Thursday, January 17, 2013

Age Old Question

I feel like this question ALWAYS comes up in convos among friends, lovers and all those inbetween: Can really men and women be just friends?

A couple weeks ago, I caught up with a long time male friend over lunch. We chatted about our families, Christmas and New Years, our current dating life, the news, Baltimore Ravens, and all that good stuff. With both us being newly in relationships after a long time of living in singlehood, our conversation seemed to bounce back to our significant others. He mentioned running into a girl he had seen here and there in the past and reconnecting with her at a event. I cautioned him against starting a new friendship with an attractive gal since his girlfriend may not be totally fond of the idea. My philosophy was (is?) that he better hold on to all the friends of opposite sex that he has (LOL), because it's really a sticky situation to try to add more unless they are 100% girlfriend known and approved. You know the in a relationship or known you for years type. I told him if my boo got some new friend who was a cute, single girl, I'd be looking at him sideways LOL. He disagreed and felt that if he knew his own boundaries, why should it matter?
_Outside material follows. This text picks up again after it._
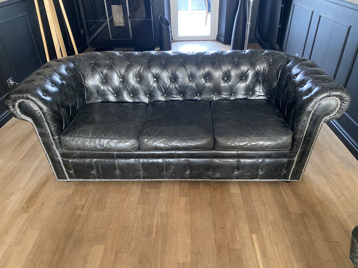 Je vends un ensemble Chesterfield en cuir vintage, composé de :

In the middle of the conversation, I started to realize my own hypocrisy. First of all, here I was on what to the naked eye looks like a date with a guy even though I KNOW it was like grabbing some food with family. Secondly, I have a  few male friends that I keep up with regularly and see when I get the chance. I've never really asked how the boo feels about it, I just let him know and keep it moving. I guess because I knew things were 100% platonic and not an issue, I brushed it off and made it a complete non-issue as it relates to our relationship. Luckily, he's a guy's guy and all his friends are husky, rough and tumble guys who talk about sports all day so I haven't really had to deal with him having female friends. I wonder what he thinks or if he worries. I wonder if my hypocritical feelings are the result of past infidelity that I've been on the receiving end of?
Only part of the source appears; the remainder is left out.